From the records that follow, return exactly the lines beginning at the one that contains "三浦野菜の自家製ピクルス ¥600 Miura" and ending at the one that contains "Partez vers Bourdeau, la", pictures left out.

─── Extracted data

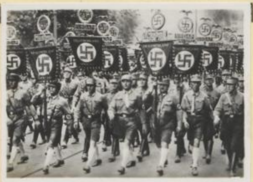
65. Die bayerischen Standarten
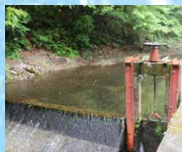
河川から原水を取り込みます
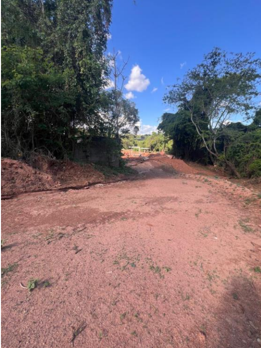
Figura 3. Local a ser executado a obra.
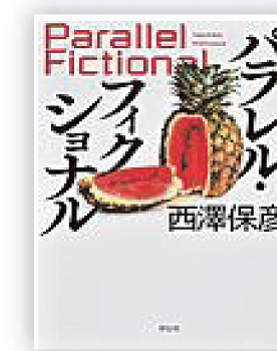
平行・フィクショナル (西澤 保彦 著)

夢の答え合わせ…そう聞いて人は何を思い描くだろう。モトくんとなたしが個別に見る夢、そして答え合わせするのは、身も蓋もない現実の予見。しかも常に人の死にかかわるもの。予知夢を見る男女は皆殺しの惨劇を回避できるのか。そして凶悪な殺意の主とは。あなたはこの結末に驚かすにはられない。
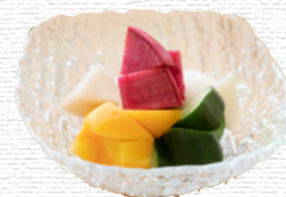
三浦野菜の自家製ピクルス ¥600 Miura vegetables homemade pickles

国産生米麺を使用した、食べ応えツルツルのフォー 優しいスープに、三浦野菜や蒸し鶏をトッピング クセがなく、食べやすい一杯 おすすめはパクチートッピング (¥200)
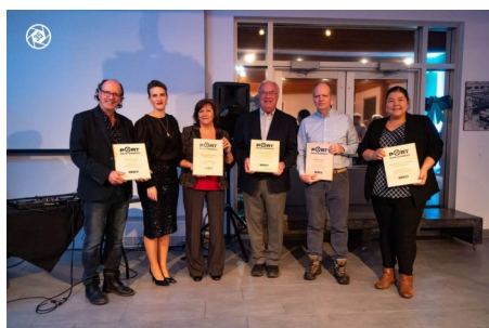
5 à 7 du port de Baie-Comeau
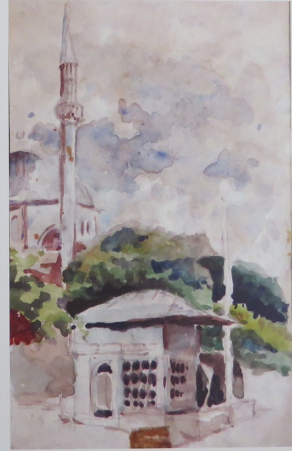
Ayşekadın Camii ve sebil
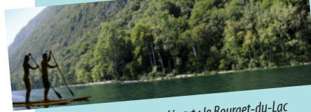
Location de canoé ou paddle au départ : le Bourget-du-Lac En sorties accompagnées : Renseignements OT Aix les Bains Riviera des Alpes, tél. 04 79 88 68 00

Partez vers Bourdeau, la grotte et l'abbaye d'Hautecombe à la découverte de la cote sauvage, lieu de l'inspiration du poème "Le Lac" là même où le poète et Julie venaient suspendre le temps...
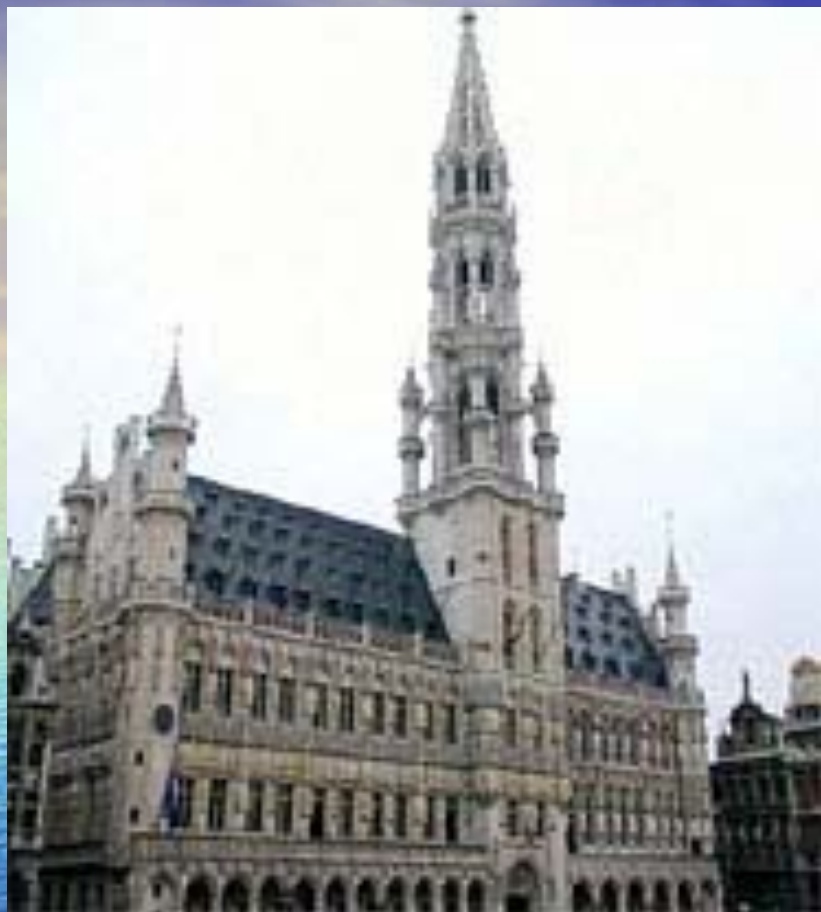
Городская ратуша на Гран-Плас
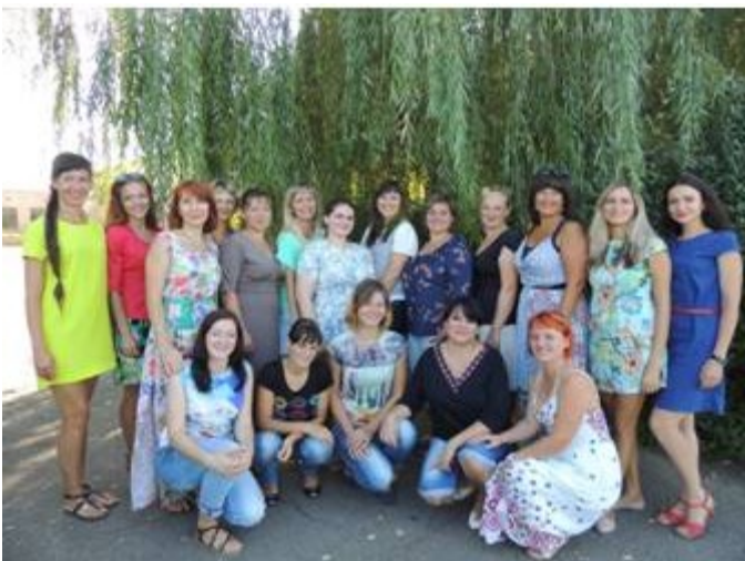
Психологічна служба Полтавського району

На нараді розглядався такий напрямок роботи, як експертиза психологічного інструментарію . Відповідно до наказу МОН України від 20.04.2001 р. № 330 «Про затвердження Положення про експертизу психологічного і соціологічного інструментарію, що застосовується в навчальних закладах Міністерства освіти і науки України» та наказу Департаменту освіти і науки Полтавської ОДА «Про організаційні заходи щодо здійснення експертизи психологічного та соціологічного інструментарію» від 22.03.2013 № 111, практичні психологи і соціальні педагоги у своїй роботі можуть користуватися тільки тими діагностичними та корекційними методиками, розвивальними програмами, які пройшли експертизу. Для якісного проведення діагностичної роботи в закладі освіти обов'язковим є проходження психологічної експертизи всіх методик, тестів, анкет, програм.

──────
─── Extracted data

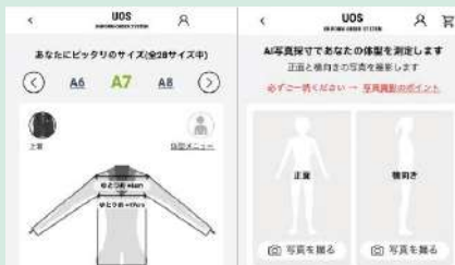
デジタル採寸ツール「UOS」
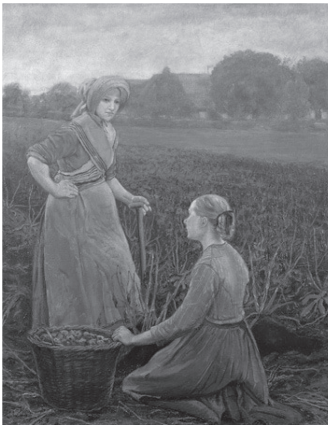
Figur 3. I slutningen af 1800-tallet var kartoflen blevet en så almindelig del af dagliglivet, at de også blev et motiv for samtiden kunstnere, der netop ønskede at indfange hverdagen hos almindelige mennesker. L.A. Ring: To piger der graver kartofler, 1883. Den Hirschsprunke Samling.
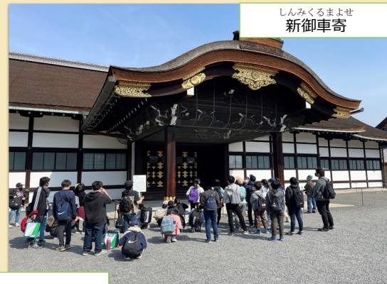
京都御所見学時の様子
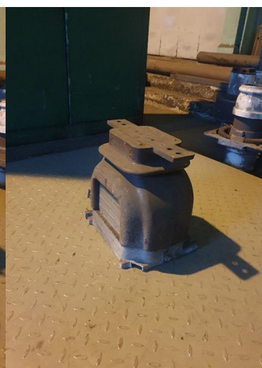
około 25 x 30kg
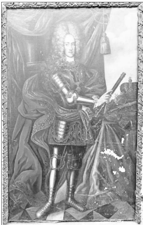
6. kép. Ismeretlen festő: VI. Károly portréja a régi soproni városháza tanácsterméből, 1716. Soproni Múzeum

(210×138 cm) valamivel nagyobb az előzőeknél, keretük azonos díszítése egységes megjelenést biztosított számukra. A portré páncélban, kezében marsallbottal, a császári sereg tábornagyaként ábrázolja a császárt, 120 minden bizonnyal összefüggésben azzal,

──────
─── Extracted data

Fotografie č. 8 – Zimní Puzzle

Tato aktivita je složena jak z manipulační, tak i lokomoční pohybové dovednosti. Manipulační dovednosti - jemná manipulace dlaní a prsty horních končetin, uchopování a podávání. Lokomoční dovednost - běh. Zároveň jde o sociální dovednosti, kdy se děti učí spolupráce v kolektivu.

──────

* _Answer below_:
三浦野菜の自家製ピクルス ¥600 Miura vegetables homemade pickles

国産生米麺を使用した、食べ応えツルツルのフォー 優しいスープに、三浦野菜や蒸し鶏をトッピング クセがなく、食べやすい一杯 おすすめはパクチートッピング (¥200)
5 à 7 du port de Baie-Comeau
Ayşekadın Camii ve sebil
Location de canoé ou paddle au départ : le Bourget-du-Lac En sorties accompagnées : Renseignements OT Aix les Bains Riviera des Alpes, tél. 04 79 88 68 00

Partez vers Bourdeau, la grotte et l'abbaye d'Hautecombe à la découverte de la cote sauvage, lieu de l'inspiration du poème "Le Lac" là même où le poète et Julie venaient suspendre le temps...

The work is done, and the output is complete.